**DATASET EXTRACT:**
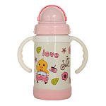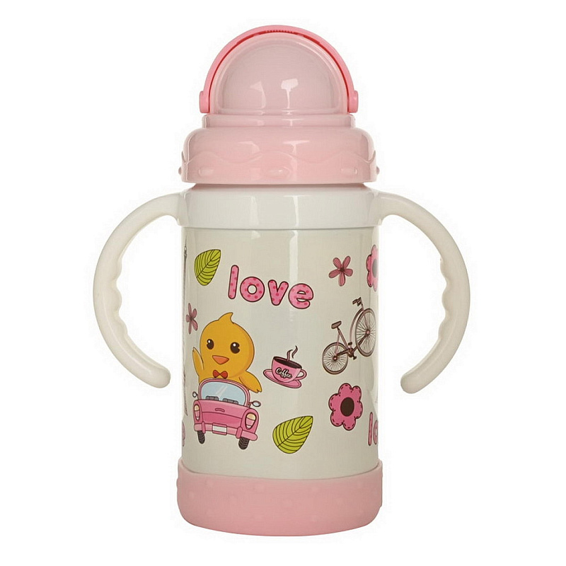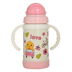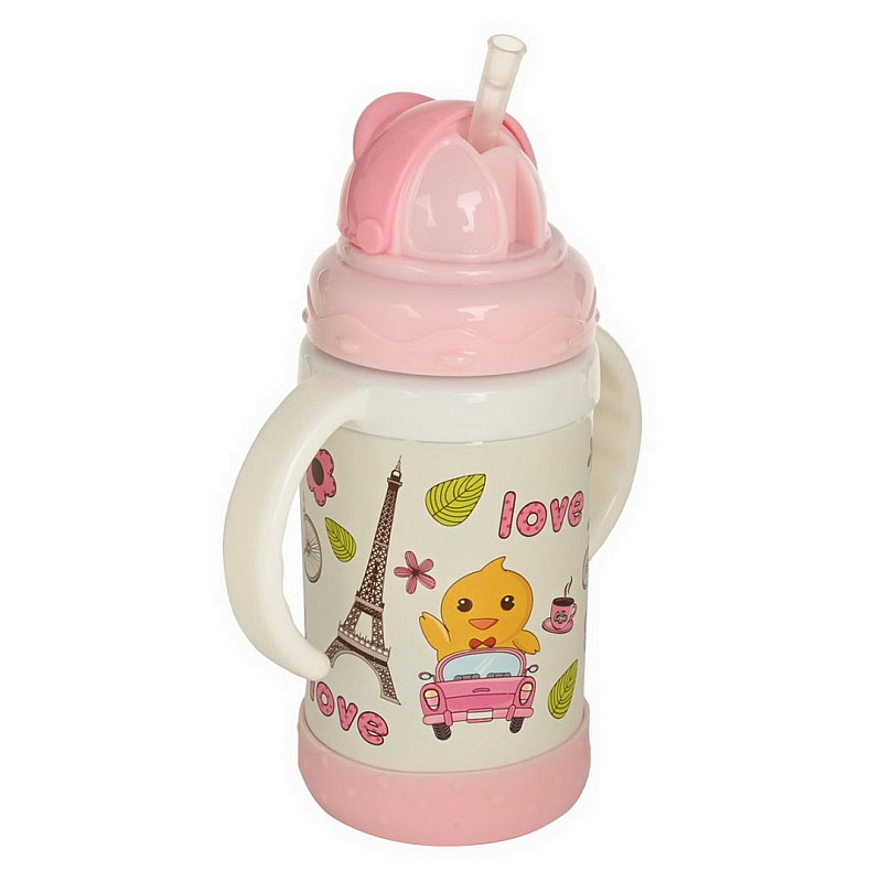 Детский термо-поильник 280 мл с силиконовой трубочкой. Корпус детской термокружки с ручкой изготовлен из высокопрочного пластика, колба из высококачественной пищевой нержавеющей стали.
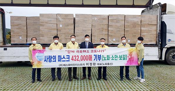 완도군 노화도 출신 기업인인 이정환 대표(㈜에스와이인더스트리)가 노화·소안·보길 주민들을 위해 덴탈 마스크 43만2000매를 기증해 지역 사회를 훈훈하게 하고 있다
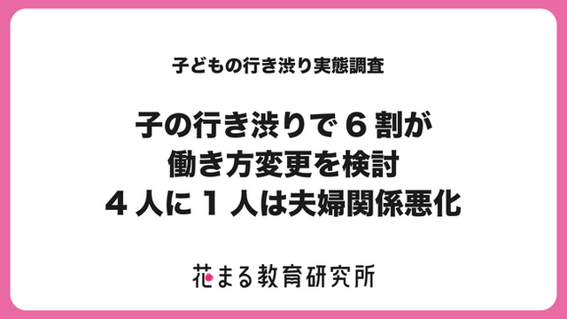調査の結果、子どもの行き渋りをきっかけに、6割の親が働き方の変更を検討していることがわかりました。加えて、約4人に1人の親が夫婦関係の悪化を感じたと回答しており、子どもの行き渋りが保護者の働き方や家庭関係にも影響を及ぼしている実態が明らかになりました。

**WORK REQUEST:** Omit the pictures, then quote the rest of the material above exactly.

**OUTPUT OF THE EXERCISE:**
 Детский термо-поильник 280 мл с силиконовой трубочкой. Корпус детской термокружки с ручкой изготовлен из высокопрочного пластика, колба из высококачественной пищевой нержавеющей стали.
 완도군 노화도 출신 기업인인 이정환 대표(㈜에스와이인더스트리)가 노화·소안·보길 주민들을 위해 덴탈 마스크 43만2000매를 기증해 지역 사회를 훈훈하게 하고 있다
調査の結果、子どもの行き渋りをきっかけに、6割の親が働き方の変更を検討していることがわかりました。加えて、約4人に1人の親が夫婦関係の悪化を感じたと回答しており、子どもの行き渋りが保護者の働き方や家庭関係にも影響を及ぼしている実態が明らかになりました。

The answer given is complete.